Mote: “Apareço aqui, diante de vós, a dar a cara por estas medidas.” (Um primeiro-ministro de um lugar irremediável, um tanto desorientado a tentar disfarçar a desorientação com uma bravura que fica bem no retrato)
Não será a prosa sobre o dito primeiro-ministro, nem as suas táticas de sobrevivência que parecem sobrepor-se à governação do lugar; nem apanharão o autor da prosa no lodo onde campeia a batalha política, numa lógica binária que parece ser uma contaminação (de comportamentos) dentro da contaminação geral (da peste e do medo adjacente) – pois que aos defensores do primeiro-ministro parece intolerável que haja quem o critique, servindo-se da muleta de um presidente em funções que convoca a “unidade nacional” como imperativo circunstancial, logo interpretada como pretexto para silenciar quem faça soerguer uma crítica voz.
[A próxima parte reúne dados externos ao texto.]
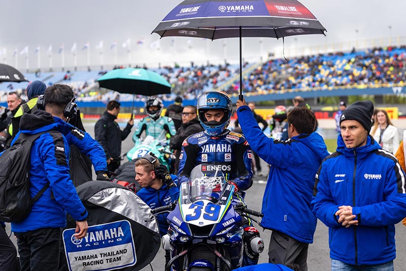 โดย “ตี” อนุภาพ ซามูล ยอดนักบิดไทยเจ้าของรถแข่ง YZF-R6 หมายเลข 51 จาก ยามาฮ่า ไทยแลนด์ เรซซิ่ง ทีม ได้เริ่มเกมจากกริดที่ 21 ส่วนทีมเมทรุ่นน้องอย่าง “ไอเดีย” กฤตภัทร เขื่อนคำ เจ้าของหมายเลข 39 ออกตัวจากกริดที่ 24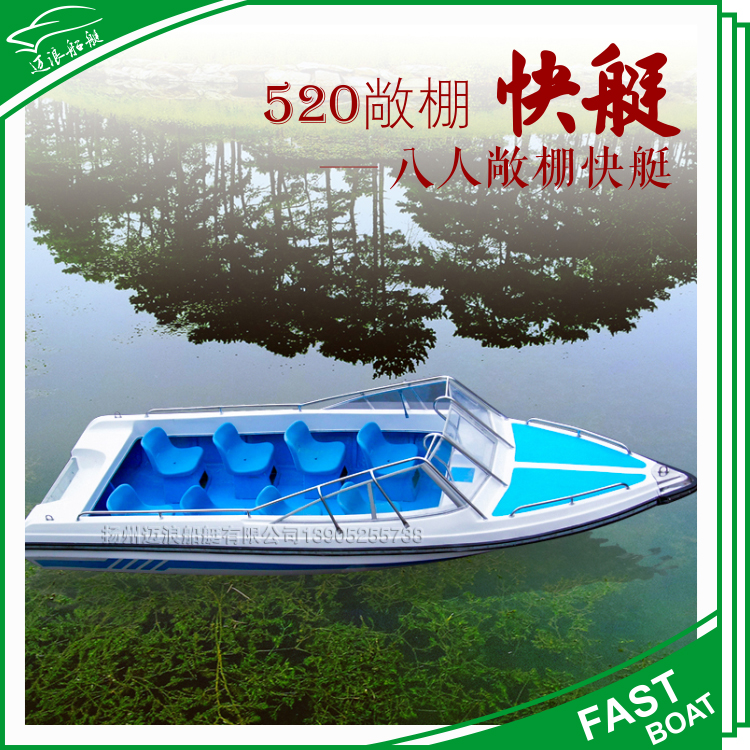 8 People 520 Convertible Thickened Double Layer Glass Fiber Fast Yacht Small Fishing Speedboat Sea Fishing Boat Sightseeing Yacht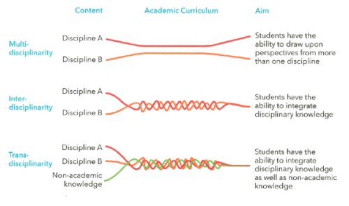 - Knowledge and understanding of the content of other disciplines, without working directly in an interdisciplinary way: multidisciplinarity as a step towards interdisciplinarity.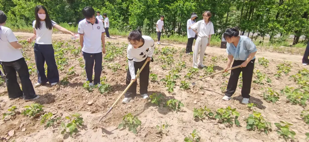 南泥湾的田垄间,同学们初握锄镐,躬身入垄,一场为黄豆青苗锄草的实践课,就此开启。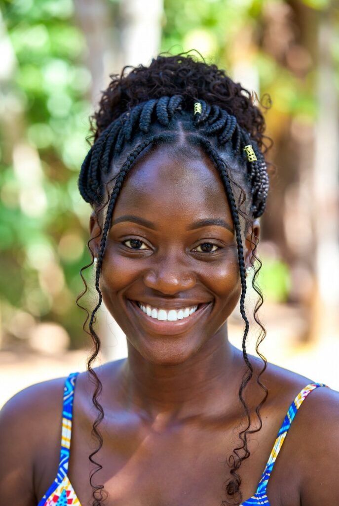 There’s something timelessly chic about combining protective braids with summer accessories.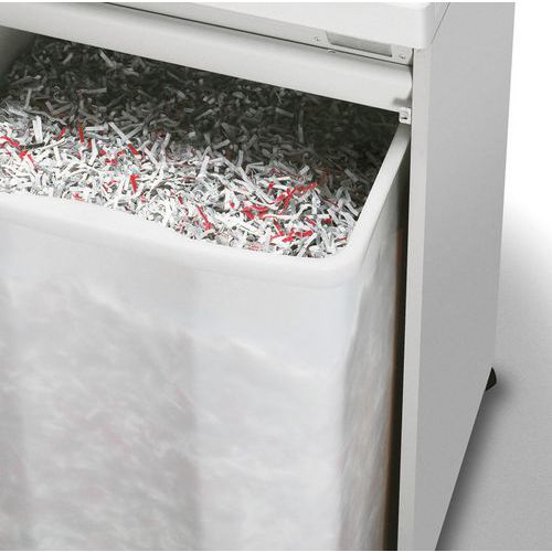 Proteção eletrónica da porta através de contacto magnético, dupla proteção do motor. ECC+ (controlo eletrónico de capacidade): indicadores que indicam a potência utilizada durante a destruição para evitar qualquer risco de encravamentos.

Comentário único aos fétidos tempos de peste por dentro da peste: mal anda um lugar assim.
De tal lugar se diz ser habitado por uma gesta de gente brava. A coragem ficou tatuada na audácia das conquistas além do mar demandado e persistiu na memória coletiva, com variações temáticas. Sempre gostámos de ser intrépidos anões a desafiar adamastores inomináveis; foi a compensação pela nossa pequenez. Por exemplo, os bravos que lidam touros, passando por cima da lide desigual, são uma das manifestações modernas (melhor seria dito: atávicas) da valentia que arregimenta hostes.
Dizer “aqui estou, a dar a cara” costuma acontecer quando quem o diz está refém de uma fragilidade de que se quer desembaraçar. É um truque retórico para virar o jogo do avesso, saindo por cima quando se salda a contenda. Para um mendaz, seria mais fácil continuar acantonado no esconderijo. O corajoso dá a cara. Espera, ao menos, que o louvem pelo ato corajoso.
E a coragem, para além de ser um disfarce, resolve o quê? Mesmo quando a coragem vem abraçada à humildade da aceitação do erro, não resolve nada. “Dar a cara” é um eufemismo do habitual arrependimento, quando a lucidez serve de caução à admissão do erro. Mas o arrependimento – como o desassombro da coragem de quem “dá a cara” – não remedeia o erro. “Dar a cara” é inútil. Quem aparece bravamente a dar a cara está protegido pela cápsula de um monólogo. Não se expõe às possíveis vítimas do erro cometido, que poderiam querer singrar a vingança em direto e diretamente na cara do arrependido.
Dar a cara desta forma e neste contexto não passa de coragem altiva. Uma apólice de seguro para quem se penitencia, mas um logro que atira os olhares para futuras núpcias, compondo uma imagem para memória futura. Dar a cara nestes termos nem devia ser interpretado como valentia: é um adiamento e uma fuga ao passado. Não passa de bravura marialva de quem lida um touro numa lide desigual.